|
HS Code |
455428 |
| Chemicalname | 2-Chloro-3,6-dibromopyridine |
| Casnumber | 135114-34-6 |
| Molecularformula | C5H2Br2ClN |
| Molecularweight | 285.34 g/mol |
| Appearance | Light yellow to brown solid |
| Meltingpoint | 71-75°C |
| Solubility | Slightly soluble in water, soluble in organic solvents |
| Purity | Typically ≥ 97% |
| Smiles | C1=CC(=NC(=C1Br)Cl)Br |
| Inchi | InChI=1S/C5H2Br2ClN/c6-3-1-2-4(7)9-5(3)8/h1-2H |
As an accredited 2-Chloro-3,6-dibromopyridine factory, we enforce strict quality protocols—every batch undergoes rigorous testing to ensure consistent efficacy and safety standards.
| Packing | 2-Chloro-3,6-dibromopyridine is supplied in a sealed amber glass bottle, 25 grams, labeled with product details and hazard information. |
| Container Loading (20′ FCL) | Container Loading (20′ FCL): 2-Chloro-3,6-dibromopyridine is packed in 180–200 kg UN-approved drums, totaling about 10–11 metric tons per container. |
| Shipping | 2-Chloro-3,6-dibromopyridine is shipped in sealed, chemical-resistant containers to prevent leakage and contamination.
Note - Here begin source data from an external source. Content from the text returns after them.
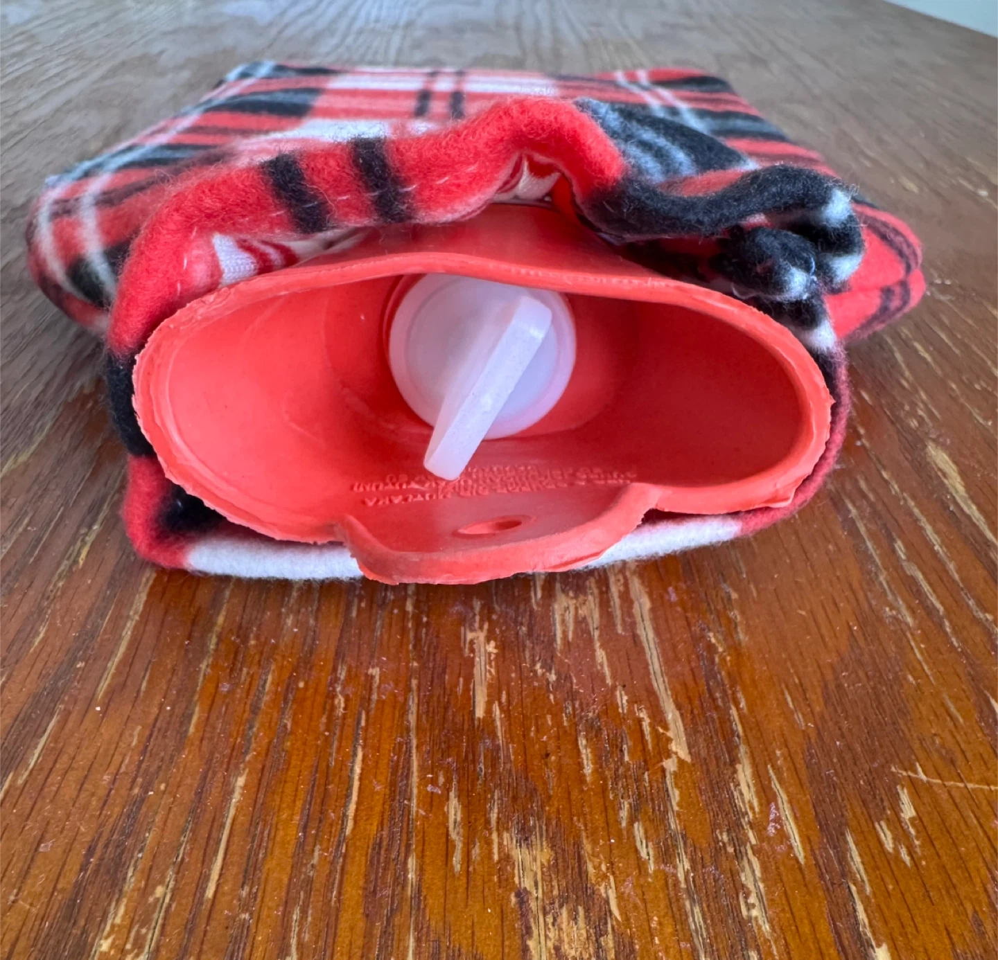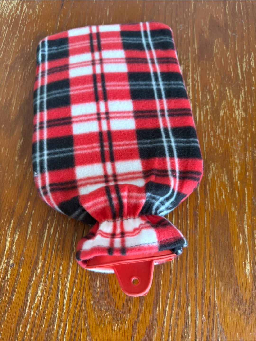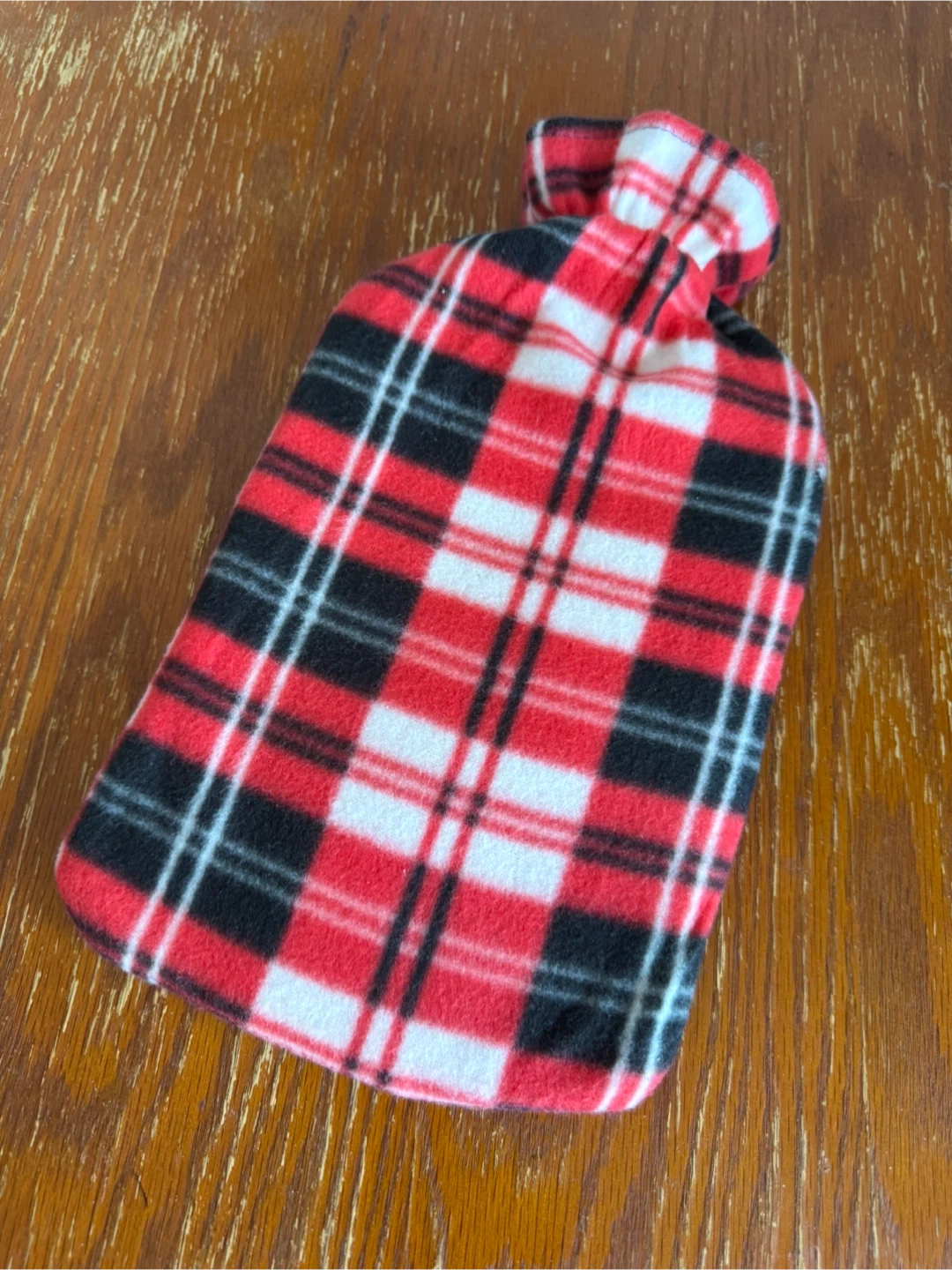Warm up with this cozy hot water bottle. It features a red, black, and white plaid fleece cover for extra comfort. The inner bag is made of durable rubber.
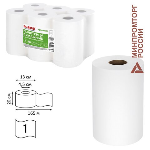 Полотенца бумажные Лайма 126098 M1/M2 Advanced с центральной вытяжкой 165 м, 1-слойные, белые, комплект 6 рулонов
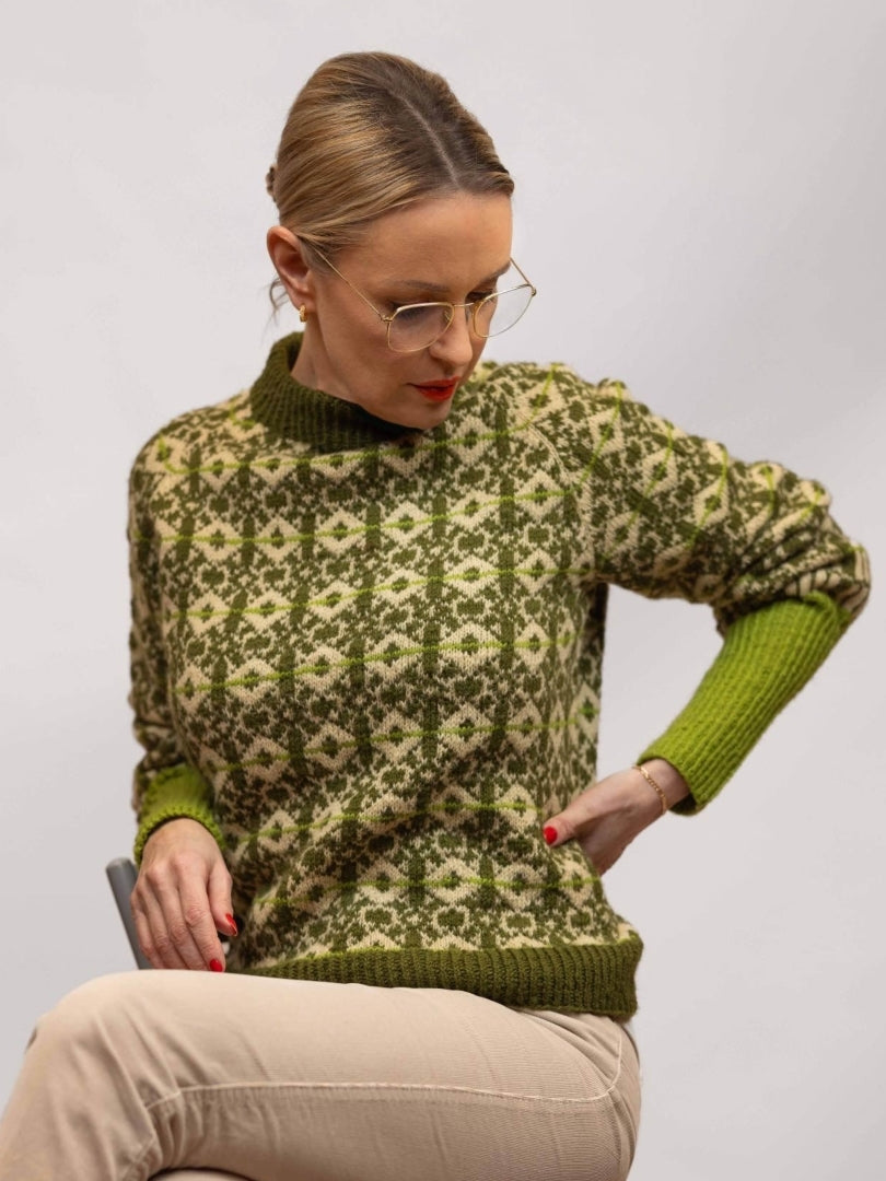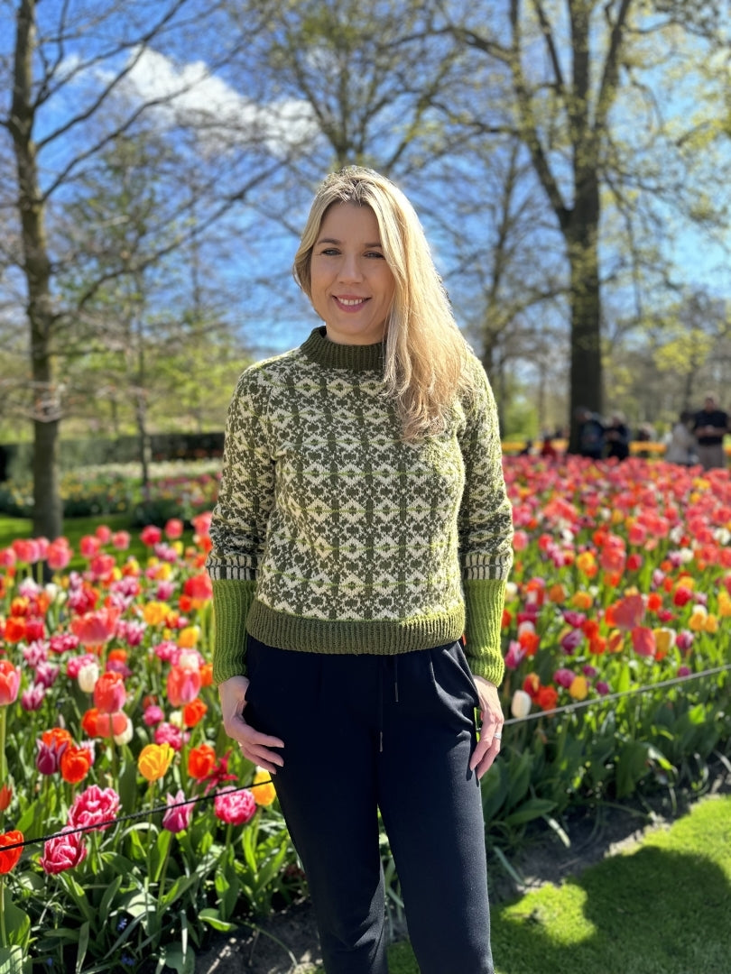Damegenser strikka i 100% norsk ull med dekorelement frå Bjørke kyrkje.

It is transported as a hazardous material, requiring appropriate labeling and documentation according to regulatory guidelines. The packages are handled with care, kept in cool, dry conditions, and protected from heat, moisture, and incompatible substances during transit. |
| Storage | **2-Chloro-3,6-dibromopyridine** should be stored in a tightly sealed container, away from light, heat, and moisture. Place it in a cool, dry, and well-ventilated area, clearly labeled, and separated from incompatible substances such as strong oxidizers and acids. Always wear appropriate protective equipment when handling and store according to local regulations for hazardous chemicals. |
| Shelf Life | **Shelf Life:** 2-Chloro-3,6-dibromopyridine is stable for at least 2 years when stored tightly sealed, protected from light, moisture, and heat. |
|
Purity 98%: 2-Chloro-3,6-dibromopyridine with purity 98% is used in pharmaceutical intermediate synthesis, where it ensures high reaction yield and product consistency. Melting point 80-84°C: 2-Chloro-3,6-dibromopyridine with a melting point of 80-84°C is used in agrochemical active ingredient formulation, where it maintains stability during compound processing. Molecular weight 273.37 g/mol: 2-Chloro-3,6-dibromopyridine with molecular weight 273.37 g/mol is used in medicinal chemistry research, where it supports precise stoichiometric calculations for experimental reproducibility. Particle size <100 μm: 2-Chloro-3,6-dibromopyridine with particle size less than 100 μm is used in catalyst preparation, where it provides enhanced surface area and improved dispersion in reaction matrices. Stability temperature up to 120°C: 2-Chloro-3,6-dibromopyridine with stability temperature up to 120°C is used in industrial organic synthesis, where it retains chemical integrity under moderate thermal conditions. |
Competitive 2-Chloro-3,6-dibromopyridine prices that fit your budget—flexible terms and customized quotes for every order.
For samples, pricing, or more information, please contact us at +8615371019725 or mail to sales7@bouling-chem.com.
We will respond to you as soon as possible.
Tel: +8615371019725
Email: sales7@bouling-chem.com
Flexible payment, competitive price, premium service - Inquire now!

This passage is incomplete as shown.